After completing his LLM degree in IP and Technology law this year, Chennai-based Kapil Naresh went all in with another kind of LLM or large language model (a type of artificial intelligence that powers chatbots like ChatGPT, Microsoft’s Bing and Google’s Bard). The 23-year-old, who is also the founder of a legal consultancy firm, has been building an assistive tool called LegalGPT.
“Right now, LegalGPT is only as good as a first-year law student or with better prompts, a rookie lawyer like me. I want to make LegalGPT as advanced as some of the legendary lawyers like
Kapil Sibal and Abhishek Manu Singhvi,” says Naresh.
He says he first tested ChatGPT todraft an FIR and a chargesheet. Satisfied with the results, he went on to ask for the template of a power of attorney for a family property-related matter. Emboldened with the respectable draft tossed out by the chatbot, Naresh then created a scenario closer to one of his cases with a jurisdiction and pseudonyms. After some relevant tweaks in the document, it was ready. “I will apply the 80:20 rule to the LegalGPT that I am building. As lawyers we have to do 20% of the interpretative work ourselves,” says Naresh who is a descendant of T Muthuswamy Iyer, the first Indian judge of the Madras High Court in British India.
But isn’t he worried by the recent case of US lawyer Steven A. Schwartz getting into trouble after ChatGPT wrote him a brief citing non-existent cases? Naresh says he is aware of the pitfalls and wants to ensure his own bot is trained on verified legal datasets so it is “credible, efficient and productive”.
Like him, many others believe generative AI will be a gamechanger for the legal profession. A March-April paper from the Harvard Law School listed fourareas where ChatGPT is sure to cause disruption — namely legal research, document generation, legal information, and legal analysis. The paper further adds, “. . . lawyers will soon need to use these new tools if they hope to remain competitive. ”
Instances of limited adoption are already visible in India. In March,
Justice Anoop Chitkara of the Punjab and Haryana High Court used ChatGPT “to present a broader picture on bail jurisprudence” while dealing with a case involving assault and murder. This was the first reported instance of a judge seeking the services of a chatbot in India. Just a few days before that, a new version of OpenAI’s GPT-4 passed the American bar exam. In the UK, a top-tier law firm has started using a chatbot called Harvey (named after the hero of ‘Suits’) to help employees draft documents and client memos more quickly.
However, Indian firms have been careful, with only some lawyers and law school students beginning to use the AI chatbot purely in a personal capacity. Niyati Shah, a member at Nishith Desai Associates in their legal innovation and technology division, says it is still early days. “A lot of Indian legal data is protected, confidential and also very disorganised. Even some cases which come up in courts are not published in the public domain. Then there is the question of legal English. When we talk about a word like notice, it will have one meaning in a contractual sense, another meaning in the context of dispute resolution and something else in normal English,” says Shah, illustrating the challenges of building AI software for the legal industry. She says instead, the focus should be on creating generative AI tools for commonpeople to help them understand their legal rights or get advice.
Moving in this direction is Bengaluru-based non-profit Agami India. One of their initiatives is OpenNyAI to create open software and data for the use of AI in justice. Launched under this mission is Jugalbandi which uses generative AI tech to come up with WhatsApp and Telegram bots that help users understand their rights and the application process for over 50 government schemes.
For
Karnataka High Court, a pilot called JIVA (Judges’ Intelligent Virtual Assistant) is being developed. It is meant to assist judges in retrieving, through voice or text conversations, the laws and sections they require during court matters. Sachin Malhan, co-founder of Agami India, says there is more on the anvil. “Just like finance or commerce, AI will change the whole terrain of law and justice in the next five to seven years — both in formal systems like the courts and in private, commercial services such as dispute resolution, grassroots legal assistance on property disputes, legal process financing, and such like,” says Malhan.

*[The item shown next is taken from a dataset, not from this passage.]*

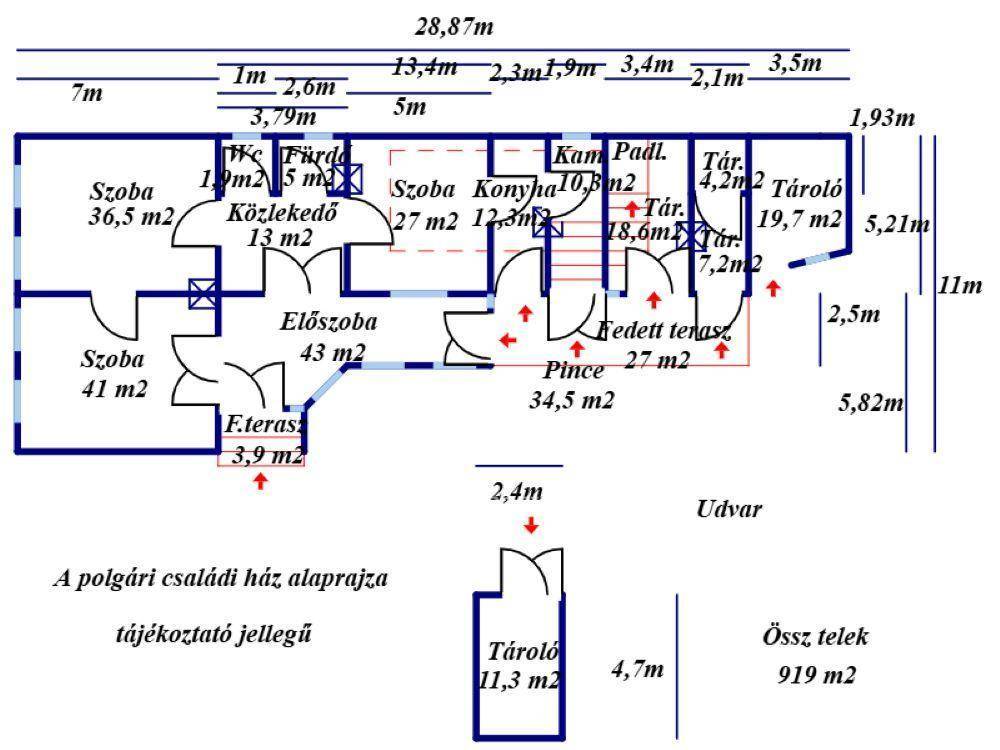 Bács-Kiskun vármegye, Kiskunfélegyháza központi részén 190 m2 hasznos alapterületű családi ház 919 m2 telken 61 m2 melléképülettel eladó. Az 1930-as években épült, komfortos ingatlan három szobából, egy előszobából, egy konyhából, egy kamrából, egy fürdőszobából, egy WC-helyiségből, egy közlekedőből, három - összesen 40 m2 nagyságú - udvarra nyíló tárolóból, egy 35 m2 nagyságú pincéből, valamint egy különálló 11 m2-es melléképületből áll. A családi ház vegyes falazattal, stukatoros fa gerendázott födémmel és zártsorú bakdúcos vörösfenyő tetőszerkezettel készült, melynek héjazata pala, részben csatornával ellátott. Az épület homlokzata jó állapotú festett, a tetőszerkezet ép, beázástól mentes. A külső- és belső nyílászárók eredetiek, normál állapotban vannak, az ablakok duplák, műanyag redőnnyel ellátottak. A szobák parketta-, a többi helyiség járólap borítást kapott. A közművekből az egyfázisú villany (25 Amper) részben rézre cserélt hálózattal, a vezetékes víz, a gáz, valamint a csatorna rendelkezésre állnak. Az otthon melegét helyiségenként gázkonvektor biztosítja, alternatív lehetőségként dísz cserépkályha is beépítésre került. Az ingatlan három gázbéléses és egy vegyestüzelésre alkalmas kéménnyel rendelkezik. A családi ház melegvíz ellátásáról Fég típusú víz átfolyós rendszerű, gázüzemű vízmelegítő, valamint egy Quadriga típusú hőtárolós bojler gondoskodik. Az ingatlan körben bekerített, az aszfaltozott csendes utcáról gépjárművek beállása kapubejáróval megoldott. Az udvar parkosított, rendezett. Az épület befektetői célra is alkalmas lehet, a födém szerkezete rendkívül masszív, a tető kialakítása és normál belmagassága miatt kb. 190 m2 hasznos alapterület beépíthető. A ház jelenleg nem lakott, birtokba adás azonnal lehetséges. A közelben 100 méteren belül élelmiszerbolt, iskola, Polgármesteri Hivatal, posta, gyógyszertár, óvoda, autóbusz-állomás elérhető. A hirdetés tájékoztató jellegű, az ingatlanról pontos adatokat a megtekintést követően a tulajdonos által elmondottak alapján tudunk garantálni! A vásárlás finanszírozásában az OTP kedvezőbb kamatozású hitelkonstrukcióival tudunk segíteni díjmentesen, sorban állás nélkül! Az adásvételi szerződés lebonyolításához korrekt ügyvédi közreműködést tudunk ajánlani. Amennyiben felkeltettem érdeklődését, hívjon bizalommal! Eladó ingatlanokat keresünk meglévő és új ügyfeleink részére!

Of course, the challenge is training chatbots in Indian legal languages.
Aman Taneja, principal associate at Ikigai Law, a tech-focused law and public policy firm in Delhi and Bengaluru, stresses the need for guardrails. “There is something known as automation bias where there is a tendency to rely on output just because it’s come out of a computer. So, before anything like this gets deployed in the justice delivery system, it requires extensive testing. One of the other challenges, in case of faulty output, is having clarity on where exactly accountability will lie,” says Taneja.